Two complementary annotation functions now handle sparse and dense annotation scenarios independently:

  • _draw_annotation_arrows — sparse annotation renderer with tiered label placement, chromosome-boundary spreading, cumulative-distance stacking, and straight arc3 arrows (curvature fixed at zero for visual clarity in low-density contexts).

  • _draw_annotation_arrows_multirail — dense annotation renderer implementing a three-step layout pipeline (see below) with curved arc arrows and adaptive ylim.

  • Three-step dense annotation layout pipeline (_draw_annotation_arrows_multirail)

  1. Relaxation pass — bidirectional min_sep enforcement starting from x_signal positions. Labels in dense regions drift further from their signals than labels in sparse regions, producing a natural density signal with no explicit cluster detection.

  2. Drift-based rail assignment — each label’s relaxation drift is binned into a rail index using rail_stride = rail_width / max_rails. Denser regions automatically receive higher rail indices proportionally across the full rail range. No per-rail queue processing or max_drift threshold is required.

  3. linspace rank-reassignment — labels are sorted by x_signal and assigned evenly-spaced x_text slots via np.linspace(rail_start, rail_end, n). This guarantees x_text rank equals x_signal rank (no arrow crossings by construction) and full rail coverage regardless of rail_frac or signal distribution.

  • Auto char_width from axes geometry

For vertical text (rotation=90), the horizontal label footprint is one character wide regardless of string length. char_width is now derived from the axes pixel extent and figure DPI at draw time:

px_per_bp  = ax_bbox.width / (xmax - xmin)
char_width = 0.6 * fsize * (fig.dpi / 72.0) / px_per_bp

The char_width_factor parameter has been removed from _draw_annotation_arrows_multirail; char_width is computed automatically and scales correctly with figure size, DPI, and font size.

  • Proportional space budgeting and rail_frac awareness

Rail width is derived from rail_frac as rail_width = genome_width * rail_frac, centred on the genome midpoint. rail_stride and slot spacing scale proportionally with rail_frac, ensuring even label distribution at any rail fraction without choking at rail boundaries.

  • Layout table (pd.DataFrame)

Placement, relaxation, and rendering are now cleanly separated via a layout table with columns label, x_signal, x_text, rail_id. rail_id is written during placement and not read again until the rendering pass, enforcing strict separation of layout and rendering concerns.

  • Chromosome-boundary detection (_draw_annotation_arrows)

For each adjacent chromosome pair, the inter-chromosome gap is computed.
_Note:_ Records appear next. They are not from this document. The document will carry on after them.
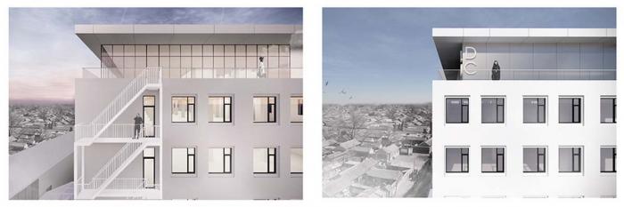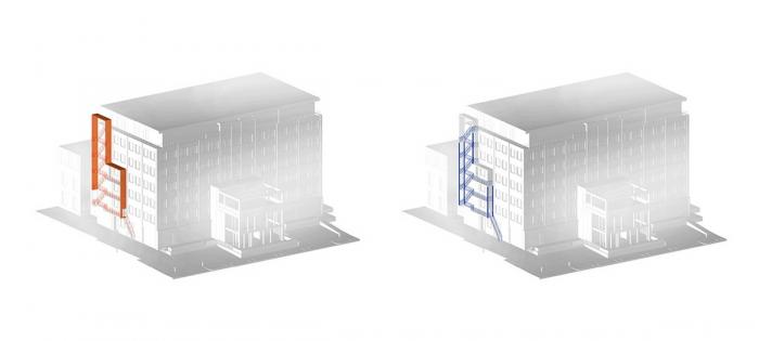 △消防梯围合 / 立面保留结构 / 门廊装饰柱 / 窗户边条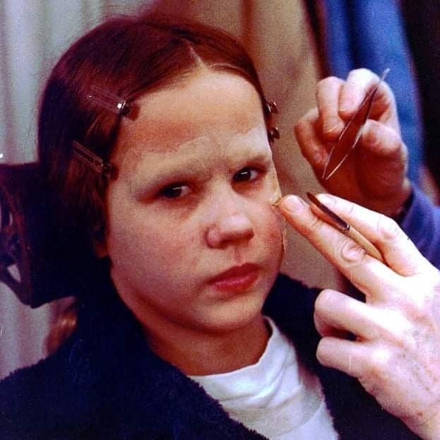 La supervisión de maquillaje corrió a cargo del artista Dick Smith, a quien le tomó entre 3 o 4 horas tener lista a la espeluznante joven poseída por el demonio.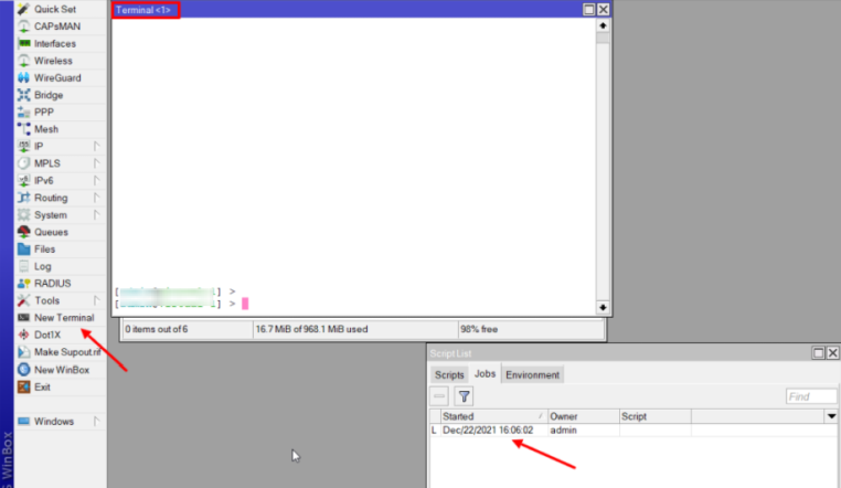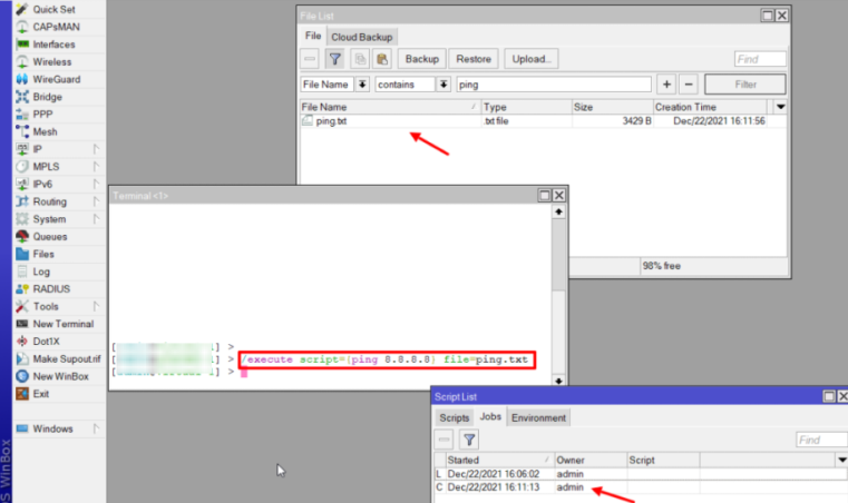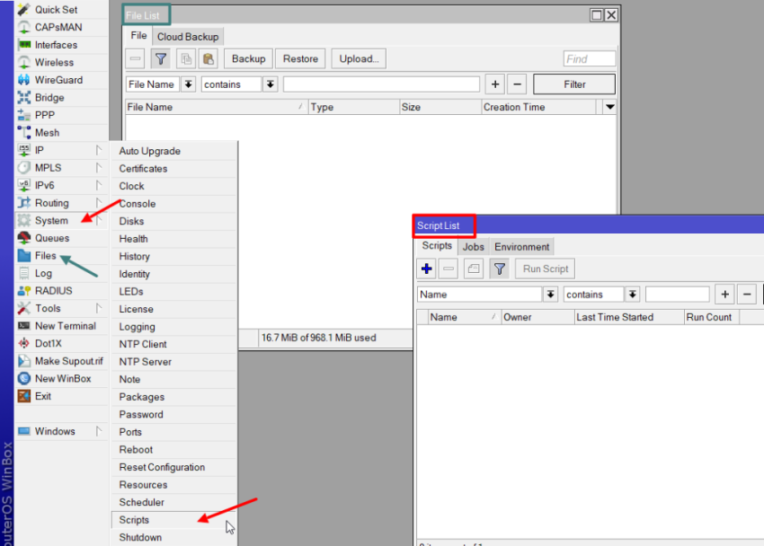 Во-первых, откройте два окна в WinBox: File List (Files) и Script List (System / Scripts):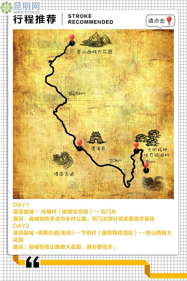 漾濞縣城-20km-光明村(核桃生態(tài)園)-8km-石門關(guān)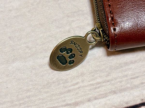 ファスナーの引き手にはチャーム付きで、スヌーピーの肉球の刻印が入っています。カラーはアンティークゴールドで大人っぽく、ここがまた高見えポイント。開け閉めするたびに気分が上がります。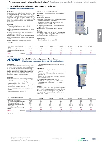 unit is used primarily in quality assurance, incoming Maintenance-free, electronic handheld force meas-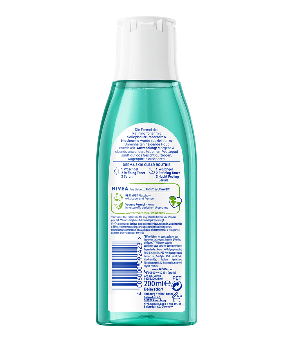 Das NIVEA DERMA SKIN CLEAR Waschgel wurde speziell für zu Unreinheiten neigende Haut entwickelt. Mit Salicylsäure, Meersalz und Niacinamid reinigt es gründlich, reduziert und verfeinert die Poren sichtbar und entfernt Mitesser. Wirksamkeit bei zu Unreinheiten neigender Haut klinisch getestet.

If the gap is narrower than spread_width, both boundary annotations receive an x_bound value encoding direction and magnitude, used downstream to push boundary labels apart before general spreading.

  • Cumulative x-position porting from tracks

Annotation cumulative x positions are now ported directly from track DataFrames via a three-column merge on (chr_col, pos_col, LABEL) rather than being recomputed independently, guaranteeing exact consistency between annotation and track coordinates.

  • track_heights sanity check and y-label positioning

track_heights is validated against the expected count (n_tracks + 1 when annotating, n_tracks otherwise) with explicit ValueError and TypeError messages. The y-label position (-log10(P)) is computed from actual height ratios accounting for top-to-bottom track orientation:

y_lab_pos = data_total / (2 * total_height)

Changed

  • _draw_annotation_arrows: max_rad parameter removed; curvature is intentionally fixed at zero (straight arrows) for sparse annotation contexts. Dense annotation curvature is handled exclusively by _draw_annotation_arrows_multirail.

  • Annotation deduplication now occurs at the top of both renderers via drop_duplicates(subset=[chr_col, "x", label_col]) to prevent replicated arrows when annot_df is a merged multi-track table.

  • Chromosome order in boundary detection now uses natsorted instead of set to guarantee correct genomic ordering.

  • x_bound is only set when the inter-chromosome gap is <= spread_width (previously unconditional), preventing spurious boundary constraints between well-separated chromosomes.

Fixed

  • Arrow crossings eliminated unconditionally by the linspace rank-reassignment step: x_text rank is guaranteed equal to x_signal rank for all labels across all rails.

  • Annotation spill past genome right boundary resolved: rail_end acts as a hard clamp during relaxation; labels cannot exceed it regardless of local density.

  • Higher-rail priority inversion fixed: the drift-based rail assignment correctly places the densest labels (largest drift) on higher rails, not the labels nearest the rail boundary.

  • x_texts sort-order mismatch resolved: cumulative-scaled positions are now mapped back to original signal order via np.argsort before use, preventing label-to-wrong-position assignment.

  • char_width underestimation fixed: replacing the hardcoded 8e6 fallback with axes-geometry derivation corrects the ~2× underestimate that caused stacking to never fire for typical figure sizes at fontsize=6.

  • natsorted applied to chromosome order throughout to prevent incorrect pairing of chromosomes (e.g. chr3 with chr17) caused by set iteration order.

0.2.7 — 2026-04-27

Added

  • Default-on density-aware auto-thinning for Manhattan / circular

rendering, inspired by gwaslab and applied on top of (i.e. in addition to) the existing --trim_pval. A new helper auto_thin_for_manhattan() keeps every variant whose “interestingness” signal is at or above --auto_thin_threshold and uniformly sub-samples the dense bulk to at most --auto_thin_max_below rows per track (default 200 000). Lead SNPs are still extracted from the full unthinned data, so peak annotations are unaffected.

Two modes, switched by --logp:

  • P-value mode (--logp set, the GWAS default). Signal is -log10(P); --auto_thin_threshold is in -log10(P) units (default 2.0 => P <= 0.01). Every suggestive / genome-wide-significant variant survives untouched.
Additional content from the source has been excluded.